Content starts

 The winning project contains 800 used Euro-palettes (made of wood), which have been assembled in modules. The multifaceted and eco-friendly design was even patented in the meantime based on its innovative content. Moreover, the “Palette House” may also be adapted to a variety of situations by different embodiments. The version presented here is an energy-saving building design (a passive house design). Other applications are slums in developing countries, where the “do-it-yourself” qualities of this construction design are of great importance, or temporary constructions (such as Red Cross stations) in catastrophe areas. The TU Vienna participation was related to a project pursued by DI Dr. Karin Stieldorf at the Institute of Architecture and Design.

Content ends
Content starts

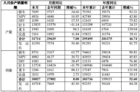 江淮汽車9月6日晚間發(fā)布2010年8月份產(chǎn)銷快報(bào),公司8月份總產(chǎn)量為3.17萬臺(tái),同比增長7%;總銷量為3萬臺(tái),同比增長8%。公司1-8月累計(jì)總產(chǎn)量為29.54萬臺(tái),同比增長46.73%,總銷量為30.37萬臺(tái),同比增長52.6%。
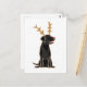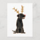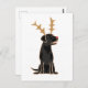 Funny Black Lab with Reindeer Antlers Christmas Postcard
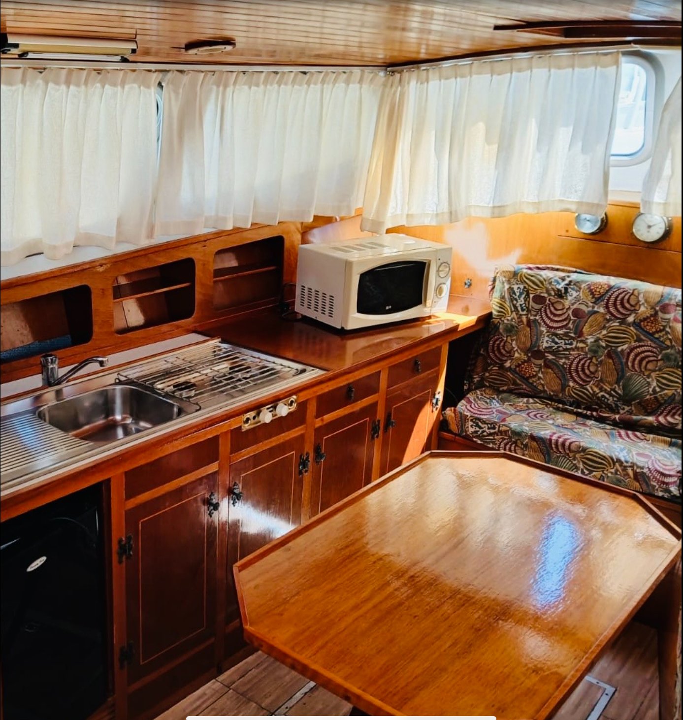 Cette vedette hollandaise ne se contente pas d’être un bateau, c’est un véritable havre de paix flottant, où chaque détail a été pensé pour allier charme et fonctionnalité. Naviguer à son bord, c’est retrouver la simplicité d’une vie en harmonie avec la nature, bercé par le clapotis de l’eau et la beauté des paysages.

Content ends

Problem statement: Each line between the one holding "江淮汽車9月6日晚間發(fā" and the one holding "Cette vedette hollandaise", inclusive, should be copied exactly as it appears above, and pictures should be omitted.

Answer box:
 江淮汽車9月6日晚間發(fā)布2010年8月份產(chǎn)銷快報(bào),公司8月份總產(chǎn)量為3.17萬臺(tái),同比增長7%;總銷量為3萬臺(tái),同比增長8%。公司1-8月累計(jì)總產(chǎn)量為29.54萬臺(tái),同比增長46.73%,總銷量為30.37萬臺(tái),同比增長52.6%。
 Funny Black Lab with Reindeer Antlers Christmas Postcard
 Cette vedette hollandaise ne se contente pas d’être un bateau, c’est un véritable havre de paix flottant, où chaque détail a été pensé pour allier charme et fonctionnalité. Naviguer à son bord, c’est retrouver la simplicité d’une vie en harmonie avec la nature, bercé par le clapotis de l’eau et la beauté des paysages.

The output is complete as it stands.